The presence or absence of a BRCA1 or BRCA2 mutation didn't appear to be strongly related to failures of tumor size estimation, nor are BRCA-related tumors better measured than sporadic tumors.
"The poor correlation of the radiologically assessed total tumor area with pathologic size in BRCA2 carriers is a striking exception, but must be interpreted with caution due to the low number of BRCA2 carriers in our study," they added.
The most influential factor for failure of adequate tumor size estimation is the pathologic T-score. There was a clear risk of tumor size underestimation in larger cancers. This implies tumors with a lot of surrounding DCIS are less accurately measured than tumors with only a limited DCIS fraction.
"Moreover, the quality of tumor size estimation is dependent on the appearance of a tumor at MRI, and is worse in nonmass-like enhancing lesions than in clear masses. Our results are in line with reported MRI-pathology correlations in women without specific high-risk profile that are usually calculated by correspondence of the largest focus with the largest invasive tumor at pathology although this is often not specifically mentioned," they wrote.
There is "surprisingly little" reported in the literature on the causes of under- and overestimation of tumor size on MRI compared with pathology, even though many papers on the correlation of size have appeared, according to the authors.
The shape of the breast at both examinations may be a contributing factor. On MRI, the breast hangs freely within the loops of the breast coil; at pathology, the simple mastectomy specimen or lumpectomy specimen is flat on the table. Thus, the left-to right and cranial-to-caudal diameter of the breast at pathology is larger than at MRI, while the anterior-posterior diameter decreases.

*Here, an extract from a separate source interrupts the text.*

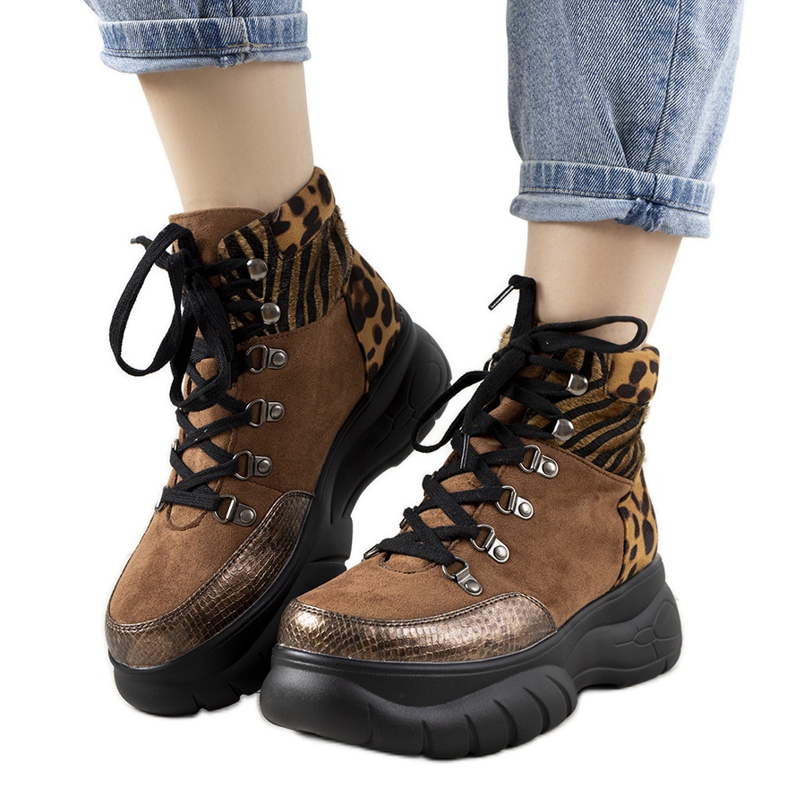 Descubra o charme dos tênis de inverno marrons com motivo animal da Cesaria, que são a escolha perfeita para o dia a dia. Estas botas estilosas são confeccionadas em couro camurça ecológico, o que garante um visual elegante e conforto de uso. As inserções com motivos animais conferem-lhes um carácter único, atraindo a atenção e destacando-se dos restantes modelos.

Another factor may be MRI features of the breasts such as moderate to marked background enhancement and neovascularization just outside of the pathologic tumor area. Some precursor lesions such as atypical ductal hyperplasia and lobular carcinoma in situ may enhance, but are not included within the pathologic total tumor area.
Underestimation of tumor size is most likely due to small satellite foci that do not show enhancement. In Mann and colleagues' study, breast specimens were examined in a more standard way with specimen radiographs and extensive tissue sampling.

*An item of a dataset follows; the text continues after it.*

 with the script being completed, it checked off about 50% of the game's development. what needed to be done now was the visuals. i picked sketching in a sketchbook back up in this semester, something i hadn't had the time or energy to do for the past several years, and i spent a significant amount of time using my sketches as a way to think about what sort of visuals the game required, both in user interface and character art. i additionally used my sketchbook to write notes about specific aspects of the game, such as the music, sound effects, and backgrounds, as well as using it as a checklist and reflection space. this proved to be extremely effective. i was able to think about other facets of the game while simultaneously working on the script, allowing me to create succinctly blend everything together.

"However, we observed underestimation of the total tumor area with more than 1 cm in only 10% of cases," he wrote. "Consequently, many of these occult foci occur apparently within the MRI visible total tumor area and will therefore be correctly treated when the treatment plan is based on the MRI."
At least some tumor foci may escape detection on both MRI and in standard pathologic analysis, but the importance of these occult satellite foci for surgery is questionable, he added.
Despite the less than perfect concordance of MRI with pathologic findings, "treatment decisions in high-risk patients can safely be made on the basis of MRI findings," the researchers concluded. "Obviously, it remains essential to inform patients about the risks of tumor size under- and overestimation that nevertheless exist."